Как я уже сказал, В.М. Жирмунский особенно отмечает именно поэзию, романтическую и символистскую, в качестве локуса и источника этой новой религиозности. Я хотел бы по необходимости бегло указать на некоторые важные черты этого явления и упомянуть об отдельных его рефлексах в более современной русской литературе и, соответственно, в русском литературоведении. Сущность этой новой религиозности состоит в том, что, в отличие от прежних «всплесков» религиозного чувства и бытия (скажем, в европейской Реформации), она не требует ничего из того, что было с такими «всплесками» связано исторически, – ни обращения к возможным собратьям по новому чувству, ни проповеди, ни объединения или отъединения от остальных. Более того, в своих наиболее чистых формах, как у Новалиса, эта новая религиозность стремится включить в себя формы и опыты религиозного чувства, обычно считавшиеся чуждыми и даже враждебными. Замечательными примерами возникновения такой новой религиозности можно считать мусульманские опыты Гете и Пушкина или еврейские мотивы у Байрона.

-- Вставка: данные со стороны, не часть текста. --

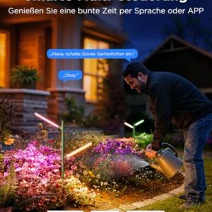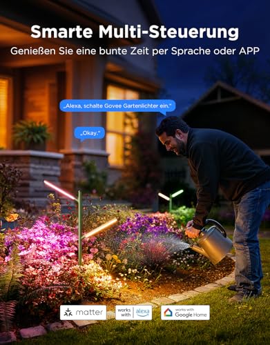 - Mühelose Smart Control: Steuern Sie Ihre Gartenbeleuchtung zusätzlich zur App über Sprachbefehle wie Alexa und Google Assistant. Verbinden Sie mit dem kompatibleren Matter Intelligentes Heimsystem wie Apple HomeKit, um ganz einfach eine dynamische Lichtshow für Ihren Garten zu erstellen.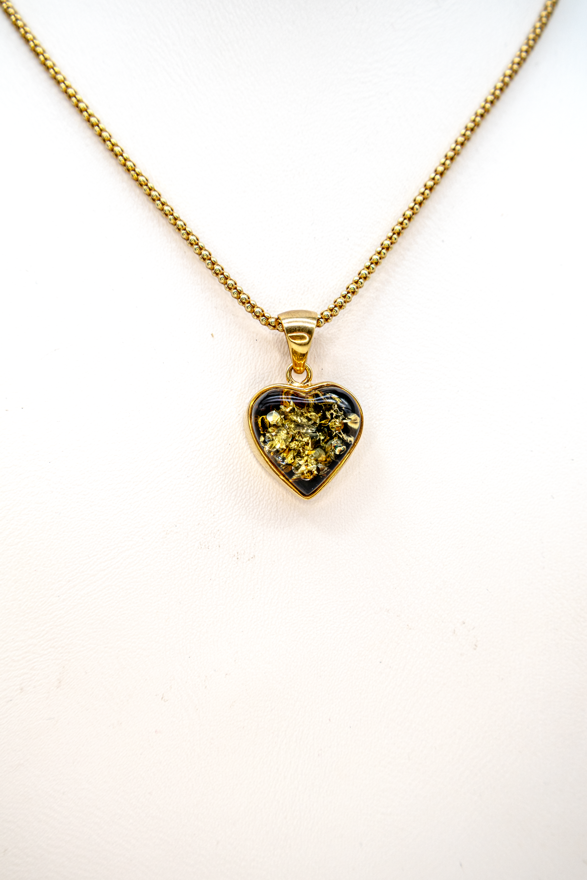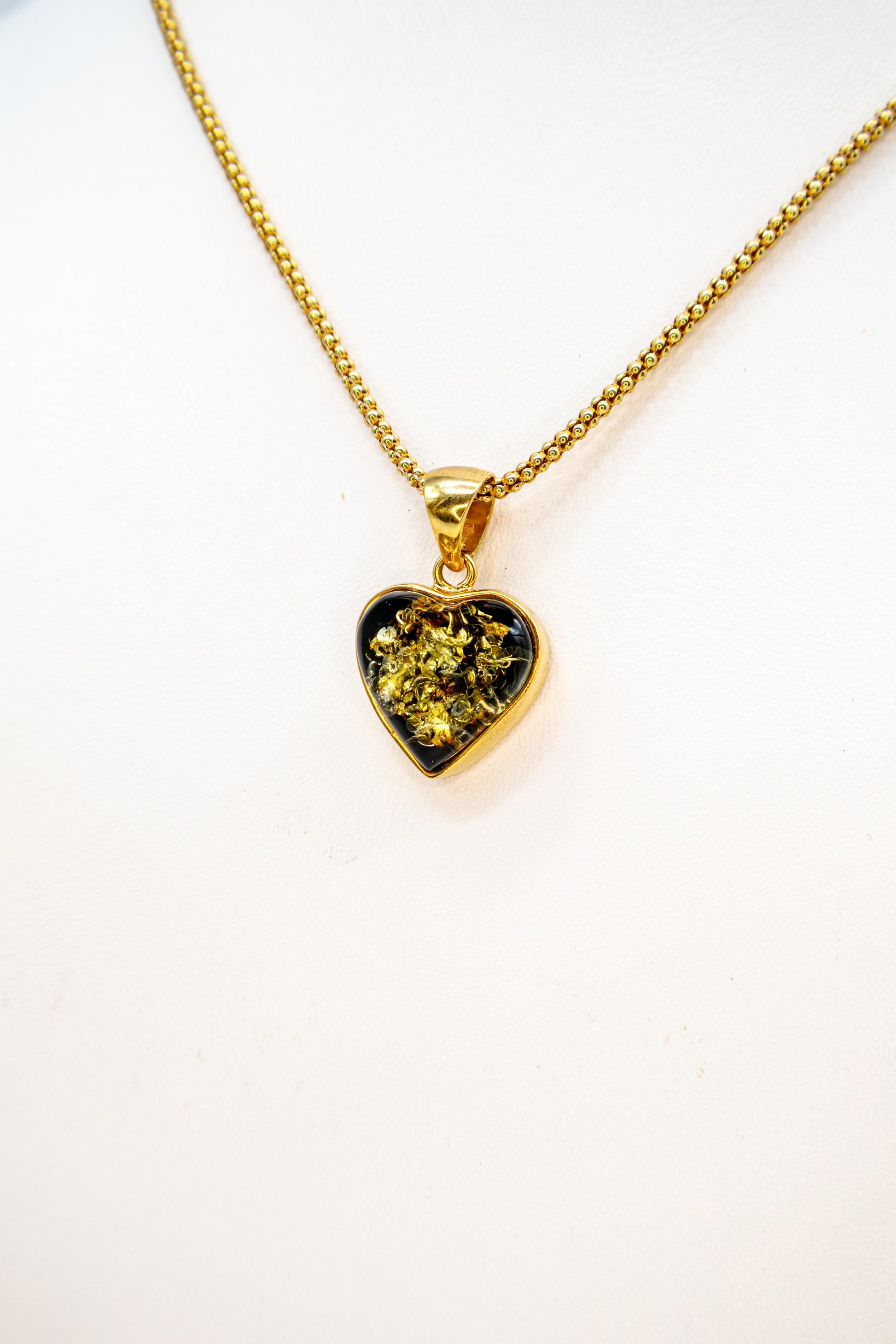 This gold-plated heart pendant with shimmering green amber is a beautiful symbol of love and elegance. The handcrafted pendant combines elegant gold-plated silver with the captivating texture of genuine amber. Its heart shape makes it a timeless companion and a perfect gift for a wife, sister, or girlfriend. A stylish piece of jewelry that combines warmth, naturalness, and uniqueness.
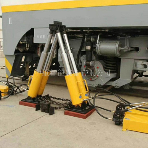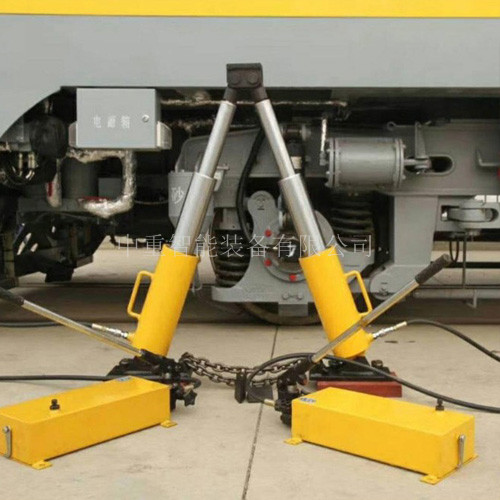 運(yùn)行在各礦區(qū)地面用井下線路上的礦車,由于超速、碰撞、線路質(zhì)量等各種原因,經(jīng)常會(huì)發(fā)生脫軌掉道現(xiàn)象,給生產(chǎn)、安全帶來很大的影響。因此,出現(xiàn)了復(fù)軌器,是專門為解決礦車復(fù)軌問題而研制的復(fù)軌工具。將掉道車輛進(jìn)行舉升然后再進(jìn)行左右橫移至復(fù)軌,由舉升缸、橫移缸、橫移橋、橫移小車、頂托和油泵組成。直頂橫移型 復(fù)軌器舉升油缸為三級(jí)液壓油缸,油缸頂復(fù)點(diǎn)在車輛的車鉤、中梁或者心盤,舉升到一定的高度后,通過橫移缸推動(dòng)或者拉動(dòng)一次完成車輛的掉道和救援起復(fù)作業(yè)。復(fù)軌器是一種能使脫軌的機(jī)車、車輛的輪對(duì)復(fù)位到鋼軌上的專用工具。 運(yùn)行在各礦區(qū)地面用井下線路上的礦車,由于超速、碰撞、線路質(zhì)量等各種原因,經(jīng)常會(huì)發(fā)生脫軌掉道現(xiàn)象,給生產(chǎn)、安全帶來很大的影響。按外形分為人字型復(fù)軌器 、海參型復(fù)軌器、組裝式復(fù)軌器以及S-1型鋁合金雙向復(fù)軌器 ;按用途分為普通線路上用、岔區(qū)專用、橋上專用、及端面復(fù)軌等四種復(fù)軌器;根據(jù)材質(zhì),復(fù)軌器可分為鑄鋼、合金鋁、鋼板焊接式三類復(fù)軌器。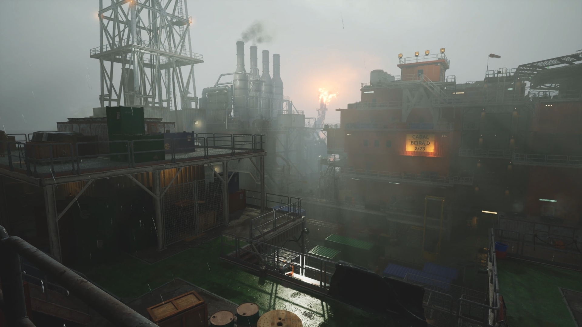 Помимо Каза и других героев, которых мы встречаем по сюжету, не менее важным действующим “лицом” в повествовании является сама нефтедобывающая платформа “Beira D”. Благодаря старанию левелдизайнеров, детально воссоздавших ее антураж на мощностях Unreal Engine, каждый внутренний и внешний отсеки выглядят максимально аутентично. А от круто реализованных погодных эффектов в виде порывистого ветра и хлещущего дождя самому становится холодно и хочется поскорее вернуться за гермодверь, чтобы обогреться возле радиатора.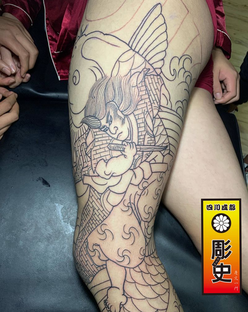 • T网红王老大花腿龙纹身图片_腿部新传统纹身图案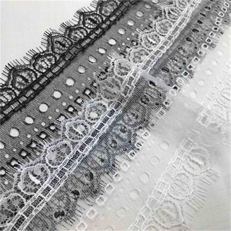 Fine French Eyelet Lace Trim. Width 95mm. 71% Nylon/29% Cotton. Can be machine washed at 40 degrees. This lace is discontinued and available only while stock lasts. Black only left in stock.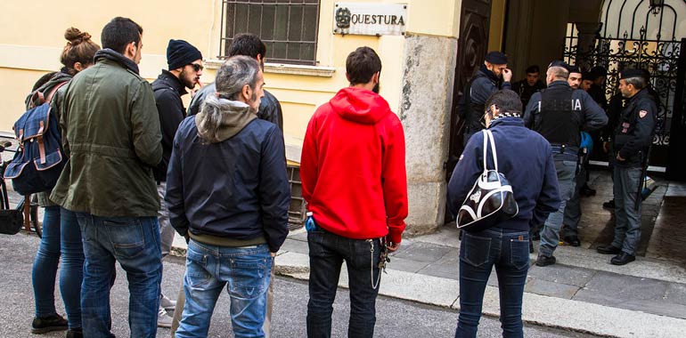 Un gruppo di membri dei centri sociali radunati davanti alla Questura (Foto Sessa)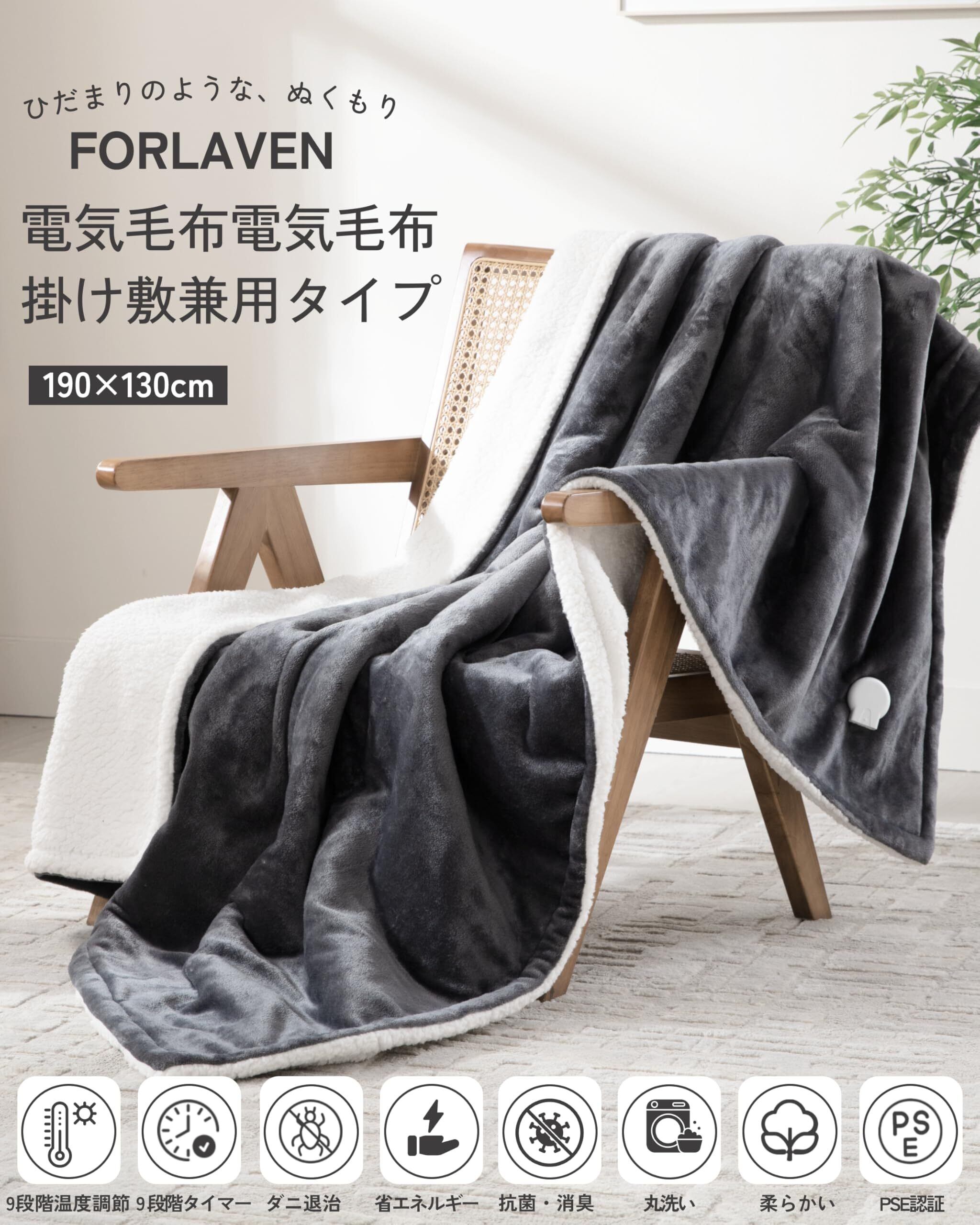 【在庫処分】電気毛布 掛け敷兼用 洗える【大判 190×130cm】洗濯ネット付き 速暖 9段階温度調節 タイマー付き 節電 省エネ ダニ退治 防寒対策 丸洗いOK フランネル&シープボア 軽量 肩掛け 膝掛け シングル PSE認証済み (ダークグレー) Forlaven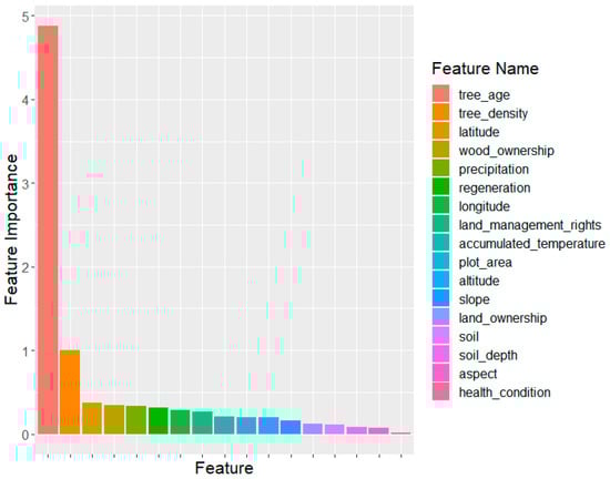 We employed hyperparameter tuning to train the random forest model in order to arrive at the best performing model. We used a 100-repeated fivefold cross-validation resampling setting. Based on the out-of-bag (OOB) estimate [], the mean of squared residuals between the observed and predicted timber volume is 0.000232 m3/tree. As a result, the hyperparameter tuning suggests that the number of optimal randomly sampled variables is 7 with a sampling fraction of 0.289 and a minimum final node size of 3. According to RFE, the most important features are the top ranking 12 attributes shown in Figure 2, while the remaining variables are redundant in timber volume estimation.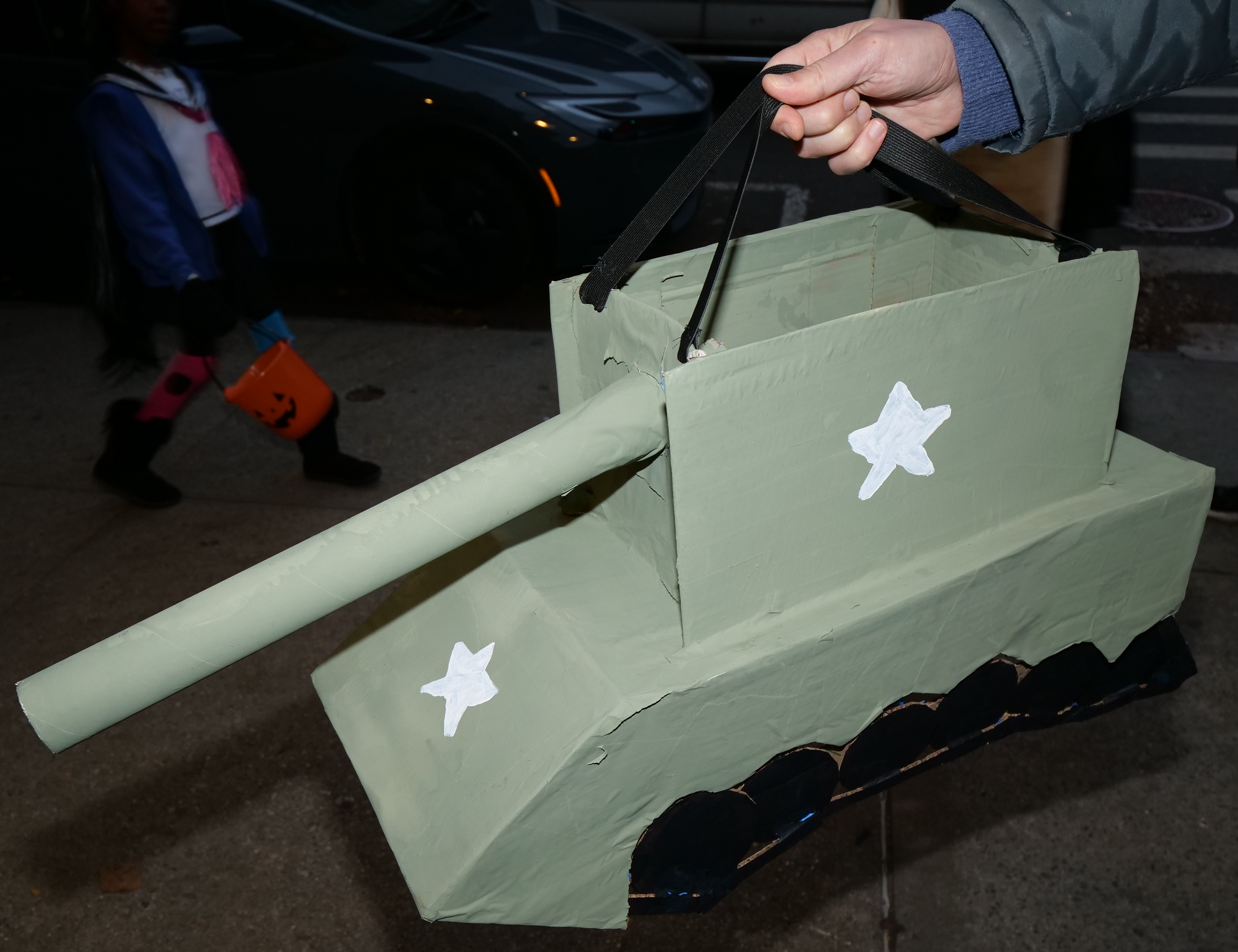 5:54 PM. An army tank construction. His son didn't like wearing it.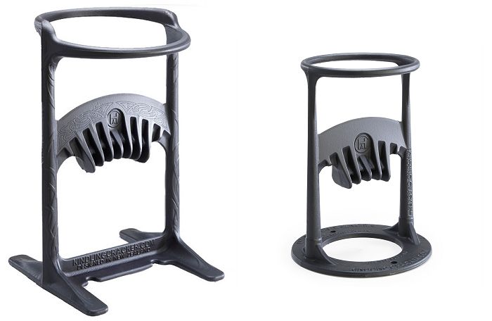 Den originale Kindling Cracker fås i to størrelser. Den mindste model kan flække brændestykker med en diameter på 15-16 cm. Den store model, der desuden er flot udsmykket med keltiske ornamenter, kan klare en diameter på godt 22 cm. Jeg har valgt den mindste model – og billigere model, der fint dækker vores behov til bålbrænde. Begge modeller er fremstillet i sort støbejern og fungerer ved at man placerer brændestykket på den økselignende klinge.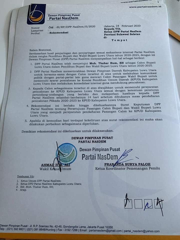 Surat Rekomendasi dari Partai NasDem Pusat dengan nomor 066-SI/RP/DPP-NasDem/II/2020 dan ditandatangani DPP Partai NasDem, Wakil Ketua Umum Ahmad HM Ali, Ketua Koordinator Pemenangan Pemilu, Prananda Surya Paloh. (yustus)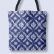 Personlig väskas elegant blåa mönster med initial Stor shoppingväska har en snygg design med mörkblå bakgrund och invecklade vita abstrakta blommotiv och geometriska element. Väskan är elegant personlig med en initial, vilket ger en sofistikerad och unik touch. Perfekt för daglig användning, erbjuder denna tote både stil och praktiskhet, vilket gör den till en mångsidig accessoar för allt från avslappnade utflykter till shoppingturer. Dess moderna design och funktionella utrymme gör den till en idealisk present för modeinriktade individer, som ger en chic och personlig touch.

Эта новая религиозность замечательна тем, что она носит характер эмпатический (переживательный) и даже имагинативный (основанный на чистом воображении) и может быть основана на чистом наблюдении и воображении. Она вовсе не требует соучастия, участия, ритуала, партиципации. Я хочу подчеркнуть особую важность именно этого аспекта новой религиозности. Он может показаться как раз свидетельством поверхностности, легковесности этого мироощущения, но дело обстоит совершенно противоположным образом. Тот факт, что новая религиозность появляется в результате воодушевления чувствами, рождаемыми в процессе общения с природой, людьми, произведениями литературы и искусства, позволяет, во-первых, многим людям, самым различным, вне зависимости от их положения, социального, географического и исторического, проникнуться этими чувствами, а во-вторых, обеспечивает силу, органичность и искренность этой новой религиозности. Отсутствие иерархии, коммуникативных препон, а главное, свобода этих чувств, если угодно, их «безответственность», их непривязанность к конкретным экзистенциальным условиям обеспечивают их необычайную силу и привлекательность. Новая религиозность ничего не требует от человека, она ему ничего не навязывает, не заставляет его менять свою жизнь, но она придает ему ясность видения, способность непосредственно воспринимать природу, человеческие обстоятельства, строить свой прочный и независимый внутренний духовный мир.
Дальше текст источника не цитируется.